WHAT YOU ARE ASKED TO DO: Beginning at the line that holds "Следующее фото сделано" and continuing to the last line of the data below, transcribe every line word for word, without pictures.

DATASET Start Marker

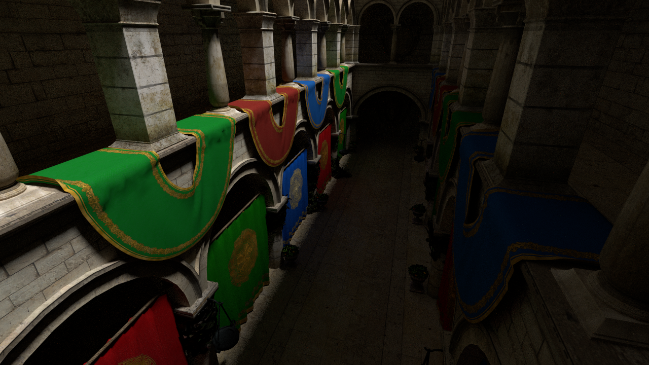 One optimization to consider that wasn’t implemented in my application is to separate the indirect lighting calculation from voxel cone tracing at a lower resolution. The higher the resolution the more surface points that need to be cone traced since each pixel represents a position in scene. A disvantage of doing this is that it creates some notable artifacts, though they can be somewhat reduced through clever use of screen-space techniques.
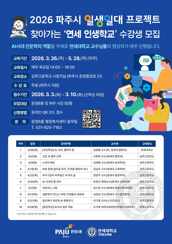 ‘일생일대 프로젝트’는 파주시가 전국 최초로 시도하는 혁신적 평생학습 모델로, 행정 중심의 교육에서 벗어나 주민 생활권 내에서 명문대학 수준의 고등교육을 직접 향유할 수 있도록 기획됐다. 특히 올해는 국내 최고 수준의 교육 역량을 보유한 연세대학교 미래교육원이 참여해 교육의 깊이와 질을 한 차원 더 높였다.
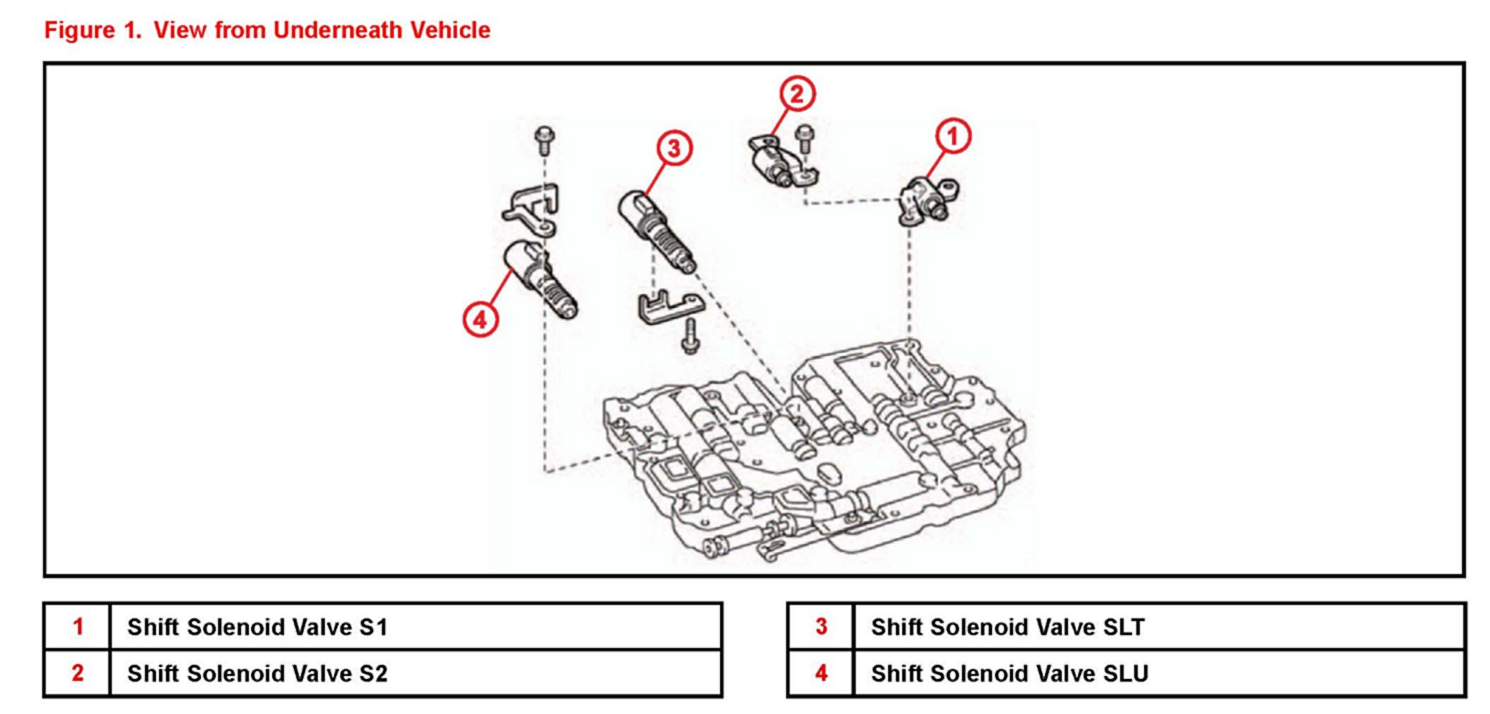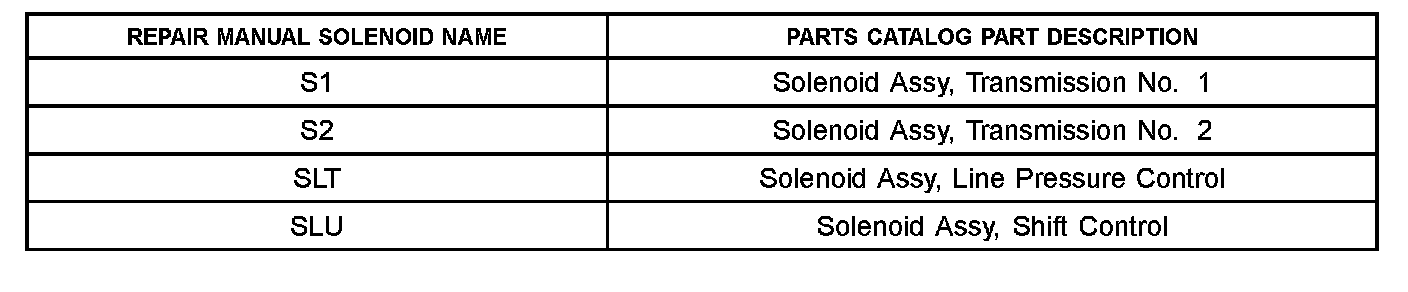 Provided above is a chart listing the Repair Manual name of each solenoid used in the A340E transmission as well as the part name description provided in the electronic parts catalog.
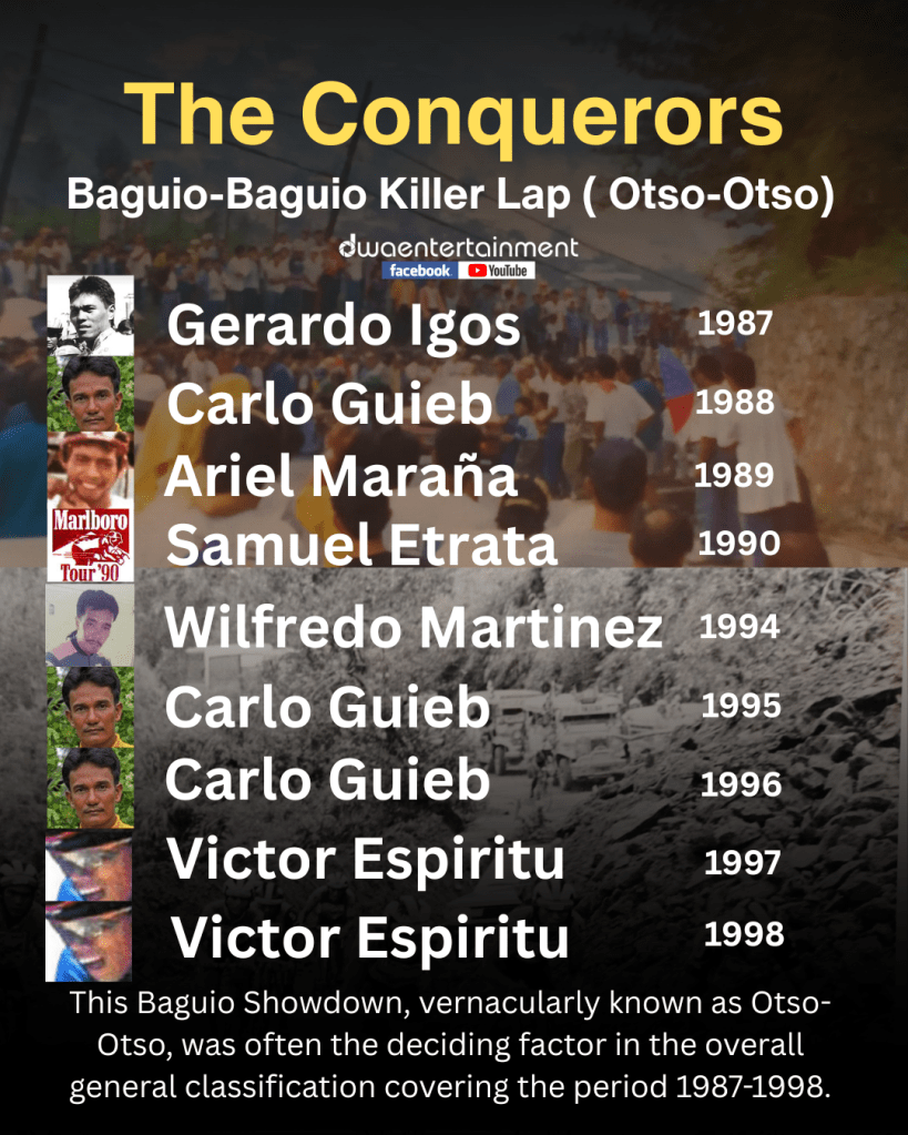 The Baguio-Baguio Killer Lap, vernacularly known as Otso-Otso, was often the deciding factor in the overall general classification of the Marlboro Tour during the period from 1987 to 1998.
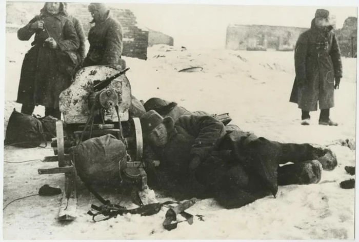 Следующее фото сделано в Сталинграде. Историки сообщают, что в ноябре-декабре 1942 года температура там нередко опускалась до - 20-30°С, а во второй половине января и феврале 1943 г. порой доходила до - 40-45 градусов.
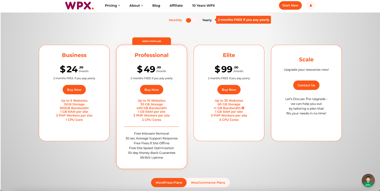 이점 때문에 저는 여러분들께 WPX.서비스를 추천 드립니다. 제가 아래에 보이는 그림에서 위쪽의 'Monthly'와 'Yearly'를 잘못 선택했었습니다.
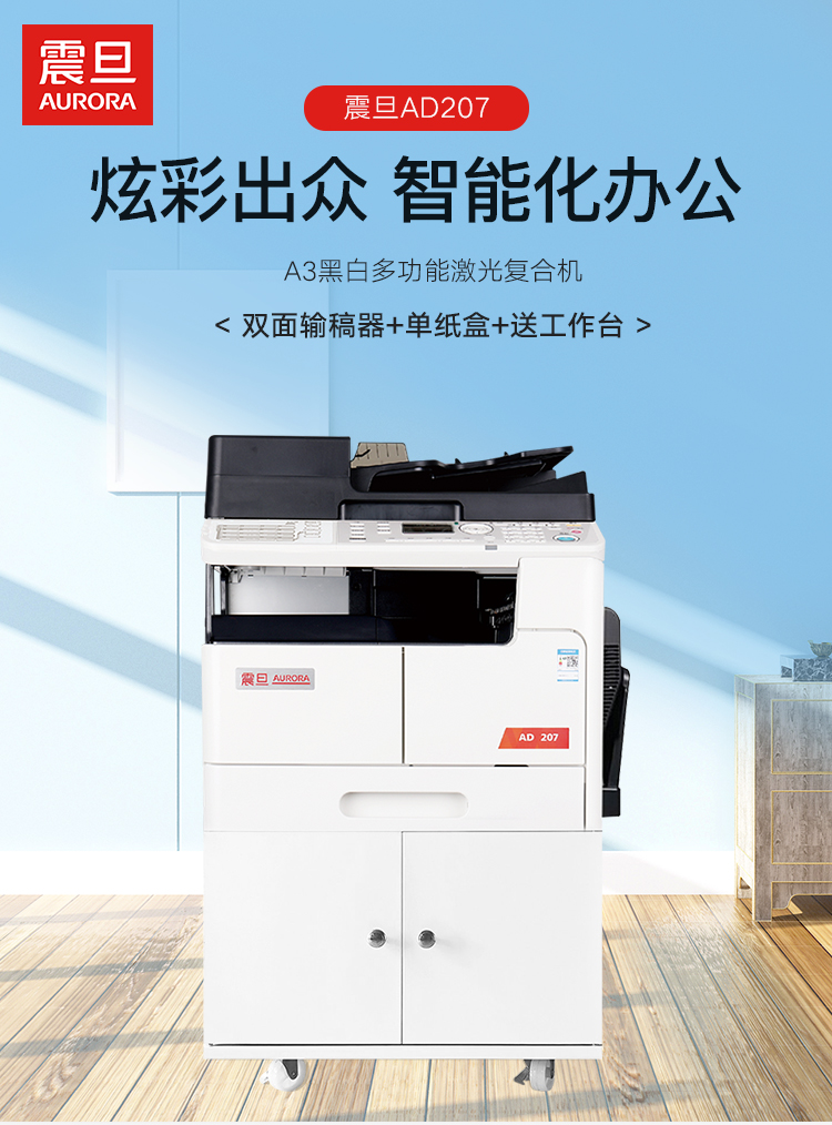 震旦(AURORA)AD207 A3黑白多功能數(shù)碼復合機(含雙面輸稿器+單紙盒+工作臺)免費上門安裝售后 自營

DATASET End Marker

WRITTEN SOLUTION:
 Следующее фото сделано в Сталинграде. Историки сообщают, что в ноябре-декабре 1942 года температура там нередко опускалась до - 20-30°С, а во второй половине января и феврале 1943 г. порой доходила до - 40-45 градусов.
 이점 때문에 저는 여러분들께 WPX.서비스를 추천 드립니다. 제가 아래에 보이는 그림에서 위쪽의 'Monthly'와 'Yearly'를 잘못 선택했었습니다.
 震旦(AURORA)AD207 A3黑白多功能數(shù)碼復合機(含雙面輸稿器+單紙盒+工作臺)免費上門安裝售后 自營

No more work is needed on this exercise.